Roy was only seven, but he knew that he was going to be super good at chess. His sister had told him as much, and he trusted her more than anyone in the world, he thought. He wanted to impress her, so he read all about it first, and now she was about to teach him how to play it properly.

She was sitting opposite him in a red dress, with a finger of whisky in a glass, balancing on her knee. Roy wasn’t old enough for whisky – he’d asked, and Madame had given him a mug of warm milk. 

The chess board was already on the table, set up and ready to go. “Number One,” his sister read. “You have sixteen players: eight pawns, two knights, two rooks, two bishops and…”
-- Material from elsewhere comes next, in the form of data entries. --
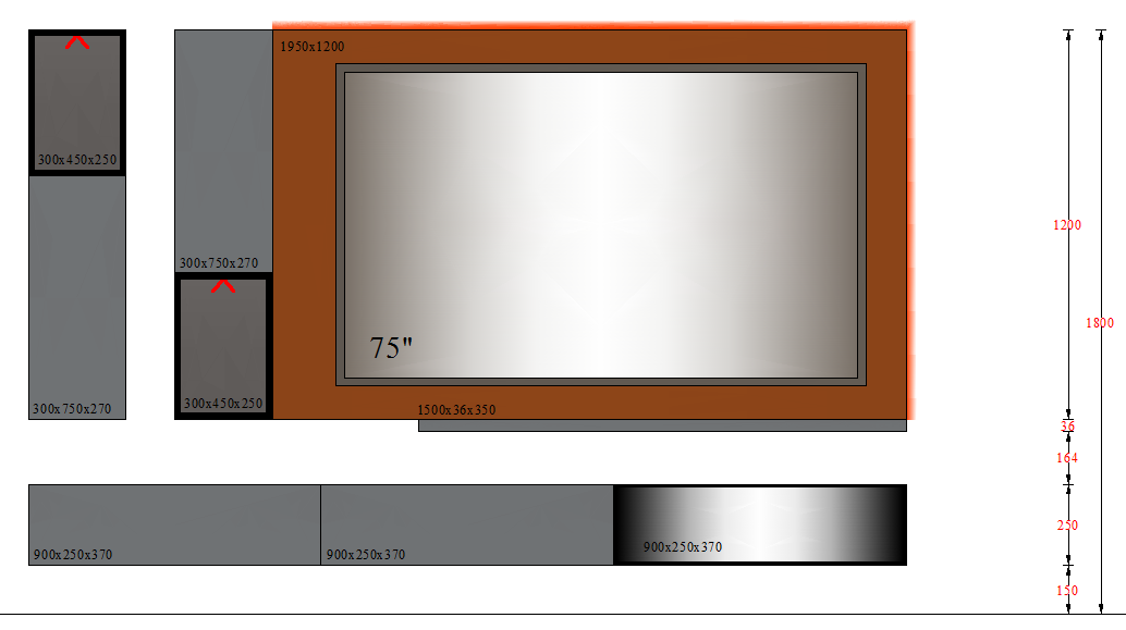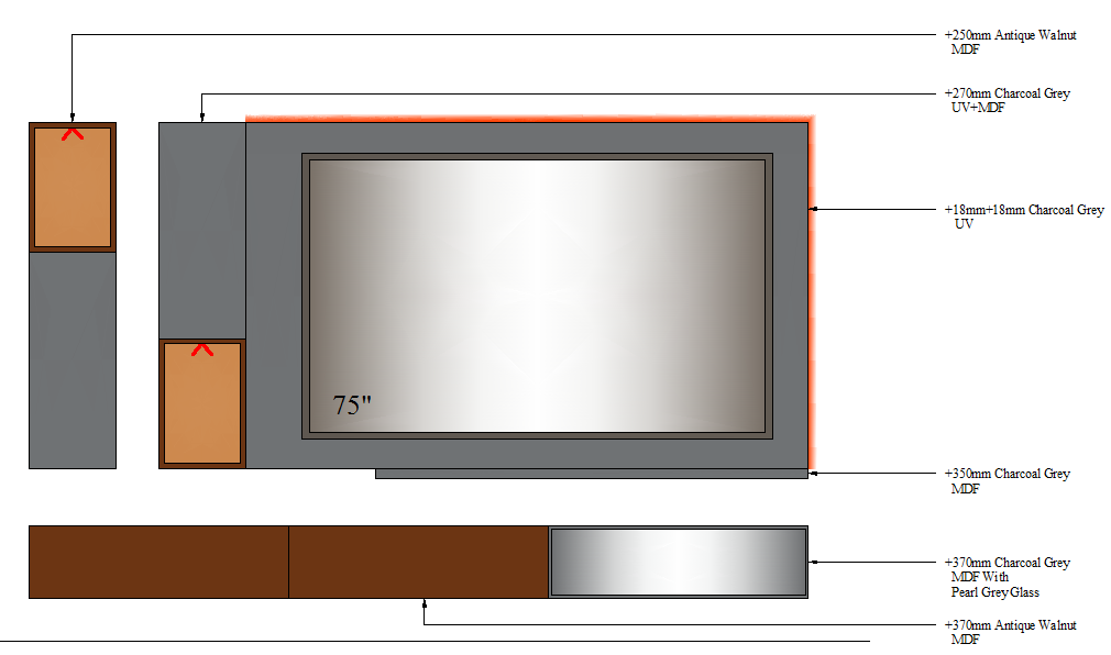 TV UNIT-4 GLASS - 2700mm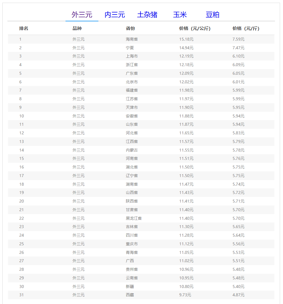 外三元排行后三:西藏自治区10.01元/公斤、新疆维吾尔自治区10.81元/公斤、云南省10.95元/公斤;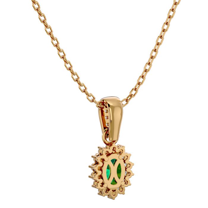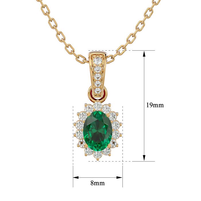 1 Carat Oval Shape Emerald Necklaces With Diamond Halo In 14 Karat Yellow Gold, 18 Inch Chain
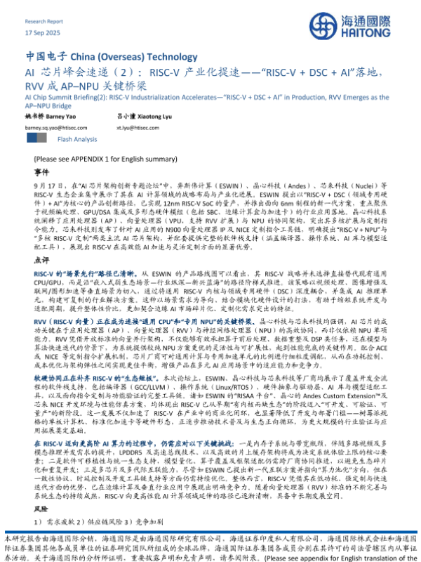 【海通国际】【202509】中国电子行业AI芯片峰会速递(2):RISC-V产业化提速——“RISC-V%2bDSC%2bAI”落地,RVV成AP-NPU关键桥梁-11页 证券期货研究报告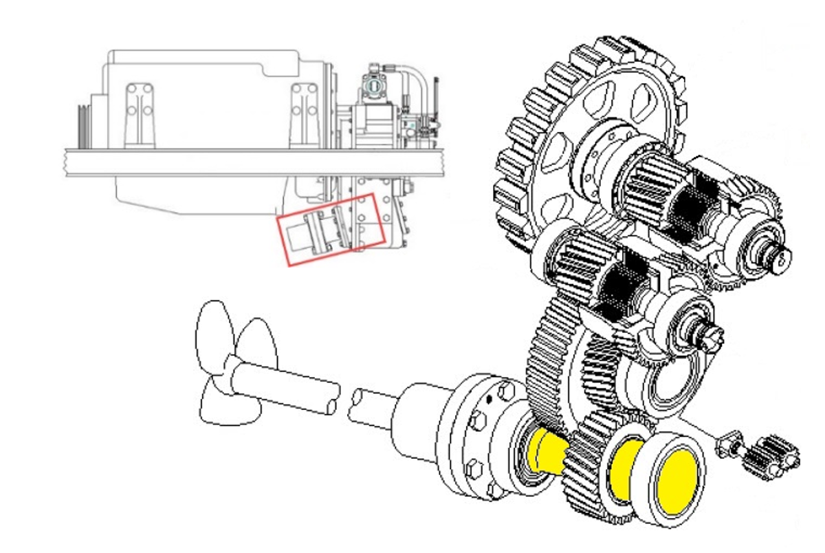 La durata di vita viene verificata mediante uno spettro di carico trasparente. A tal fine, i quattro stati di esercizio STOP, IDLE, AHEAD e ASTERN vengono considerati ciascuno con un rapporto di trasmissione fisso, ponderati con quote temporali ipotetiche e condensati in un carico equivalente sul cuscinetto. Su questa base viene verificato un intervallo di revisione di 7 anni oppure una vita di riferimento modificata di almeno 11’200 h.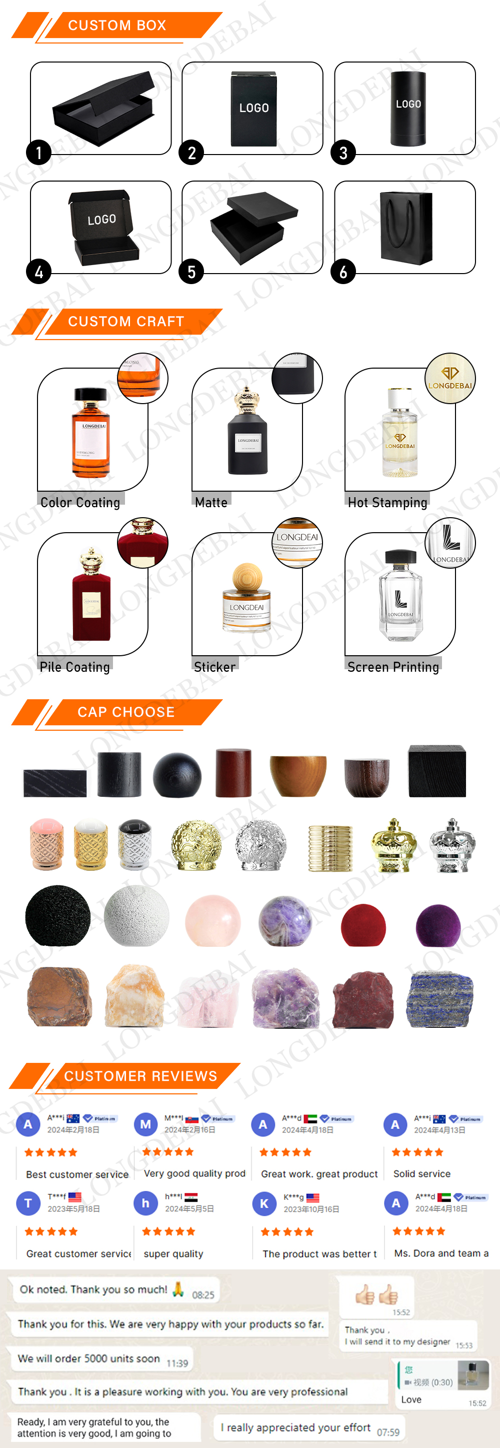 1)Simple And Convenient:Easy to use, no leakage. 2)Made in China. 3)Quality assurance: perfume glass bottle is durable and will not corrode or leak. 4)Multiple styles: There are hundreds of glass bottle styles for you to choose from, and you can also customize colors and logos. 5)Glass bottle body material, fine texture, durable, not change scent of perfume. 6)Elegant fine mist atomizer for perfume, with handsome glass cap and fine mist sprayer.

“…a King and a Queen, sis.” Roy couldn’t help but interject – he knew it was rude, but he was excited. He knew this.

**

Roy was only 30, and he knew that he was all but finished. The Fuhrer, who he didn’t trust at all, had told him as much. Roy wanted to annoy him, but he hadn’t any reading material at hand.

The Fuhrer was sitting opposite him, ramrod straight, with a white saucer in front of him, on which sat a white teacup. Roy had a cup of his own, and wished he could add a dram of whisky.

“You have… how many players?” The Fuhrer looked relaxed – perfectly relaxed – and Roy knew from the way that his spine was quivering that he was a trembling, pale, sweating mess of skin and sinew, and not nearly enough brain.

Roy swallowed. “One, sir.” 

“Which player is that?” One day, Roy would be able to speak against this man, who wanted nothing but to make Roy speak his agony out loud, and for no other reason than to strike it in Roy’s heart that he knew he was winning.

“The King, sir.” 

“And what does the King do?”

“Nothing.” Not without his queen.

“That’s right, my boy.”

**

“That’s it! Did you read about it before?” Darn! Sis had caught him out! Roy knew he shouldn’t have – that Madame had said that one day his impatience would get him in trouble (“too hasty, Roy-boy”). He hoped it wouldn’t be today.

He had to make sure it wasn’t today. “No…”

“Roy?” Lying felt bad. He didn’t want to lie.

“Yes. But I don’t know anything else, I swear!” It was true! He hadn’t known sis would be teaching him until this afternoon, and Madame was too busy to help him with the words.

“Let’s talk about your queen.”

**

“Let’s talk about your queen.”

“You took her.” It was a simple matter. Fuhrer Bradley had taken his queen. She was his property now. Easier, Roy thought, to speak of these things in terms of transaction, than to think about them as personal losses. Easier, it truly is, to simplify matters to their crudest forms than to acknowledge that in every matter involving a human being, a certain humanity is the natural product. 

Truth itself, however, would no sooner allow Roy than it would allow any other man or woman the relief of the tug of guilt pulling on the tethers between his conscious and his unconscious suddenly loosening its grip and leaving him alone again. 

“It seems you left her unguarded.” Another oversight, because Fuhrer Bradley was not a human being. He produced an inhumanity, and with it, he forced Roy to stare straight at his most vile self. Humanity, with the trimmings of morality, failed to induce this reflection on its own, failed to make a man sick to his stomach with the creeping, grotesque self-truths with which he was faced.

Roy Mustang wished he had never met Fuhrer King Bradley, but well above that, wished he had never been human.

But if he hadn’t any choice in the matter – “It was a risk I was willing to take.” – let him respond like a human.

**

“You need to take risks, Roy – chess is all about risks.” Well, that should be easy. Madame always told him that he took too many risks. She’d said it after he fell out of the tree and broke his arm, and when he tried to get the lemonade down from the top shelf.

“I’ll take plenty. What happens when someone takes your pieces?” He’d been wondering about that for a while – it seemed very strange, that the rules spoke about taking, but not getting back.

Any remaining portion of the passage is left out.